Mary Help of Christians Academy is an all-girls, Roman Catholic high school in North Haledon, in Passaic County, New Jersey, United States, serving students in eighth through twelfth grades. Operated by the Salesian Sisters of St. John Bosco, the school is located in the Roman Catholic Diocese of Paterson, though the school is operated independently of the Diocese. Founded as an orphanage in 1921, the school took its current identity as a Catholic high school in 1944, and has been accredited by the Middle States Association of Colleges and Schools Commission on Elementary and Secondary Schools since 1978.

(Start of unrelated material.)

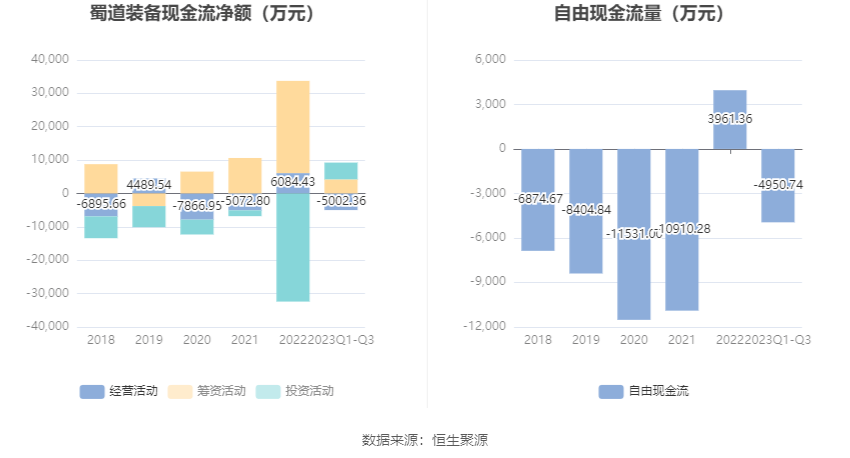 2023年前三季度,公司经营活动现金流净额为-5002.36万元,同比减少1.15亿元;筹资活动现金流净额4211.38万元,同比减少2.36亿元;投资活动现金流净额5030.20万元,上年同期为-3.1亿元。

As of the 2019–20 school year, the school had an enrollment of 159 students and 31.8 classroom teachers (on an FTE basis), for a student–teacher ratio of 5:1. The school's student body was 60.4% (96) White, 28.3% (45) Hispanic, 5.7% (9) Black, 3.8% (6) two or more races and 1.9% (3) Asian.

History
Mary Help of Christians Academy, a Catholic preparatory school in the Salesian tradition, embraces the charism of reason, religion and loving kindness as inspired by St. John Bosco and St. Mary Mazzarello. The school was founded as an orphanage and later became a boarding school for young women. It is situated on a  tract of land that was known as the Muhs Estate on Belmont Avenue in North Haledon. In 1921, the Muhs Estate was sold by its owner to the Salesian Sisters of St. John Bosco of the Eastern Province, and in 1924, Mary Help of Christians Academy opened its doors. The academy was established with 76 boarding students and 5 day students, most of whom were orphans. At present, Mary Help of Christians Academy is a comprehensive college preparatory day school, which offers Advanced Placement courses, dual enrollment college credit bearing courses, and specialized internships in a variety of career fields.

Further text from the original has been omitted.